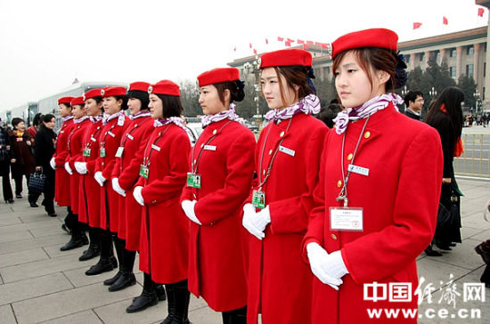 3月3日下午3时,全国政协十一届五次会议在北京人民大会堂隆重开幕。礼仪小姐靓丽的身影出现在广场。中国经济网记者 郝红波 摄
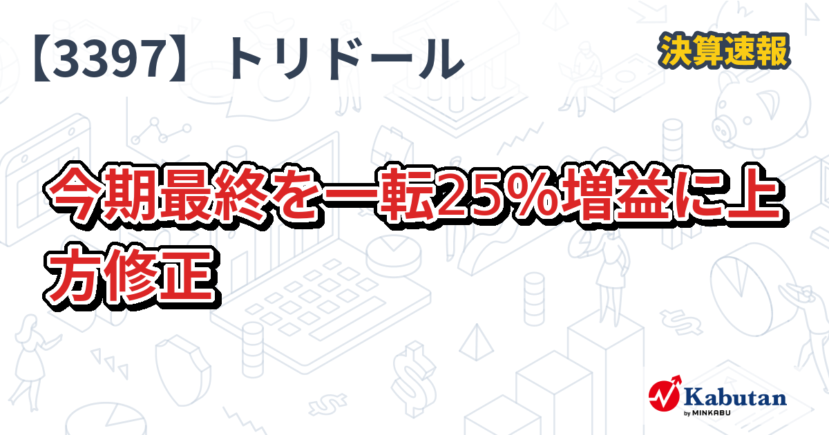 トリドールホールディングス【3397】、今期最終を一転25%増益に上方修正 | 株探ニュース トリドールホールディングス <3397> [東証P] が11月14日後場(13:10)に決算(国際会計基準=IFRS)を発表。24年3月期第2四半期累計(4-9月)の連結最終利益は前年同期比4.1%増の45.9億円に伸び・・・。kabutan.jp
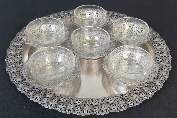 • Meridional - Antigo conjunto para sobremesa em vidro, com lapidação estrelar, bandeja e suportes filigranados e ricamente cinzelados. Década de 50. Medindo: 9 x 4 cm, 3 x 12 cm e 2,5 x 39 cm.

Required action: Restate the material above word for word, omitting the pictures.

Written response:
 3月3日下午3时,全国政协十一届五次会议在北京人民大会堂隆重开幕。礼仪小姐靓丽的身影出现在广场。中国经济网记者 郝红波 摄
 トリドールホールディングス【3397】、今期最終を一転25%増益に上方修正 | 株探ニュース トリドールホールディングス <3397> [東証P] が11月14日後場(13:10)に決算(国際会計基準=IFRS)を発表。24年3月期第2四半期累計(4-9月)の連結最終利益は前年同期比4.1%増の45.9億円に伸び・・・。kabutan.jp
 • Meridional - Antigo conjunto para sobremesa em vidro, com lapidação estrelar, bandeja e suportes filigranados e ricamente cinzelados. Década de 50. Medindo: 9 x 4 cm, 3 x 12 cm e 2,5 x 39 cm.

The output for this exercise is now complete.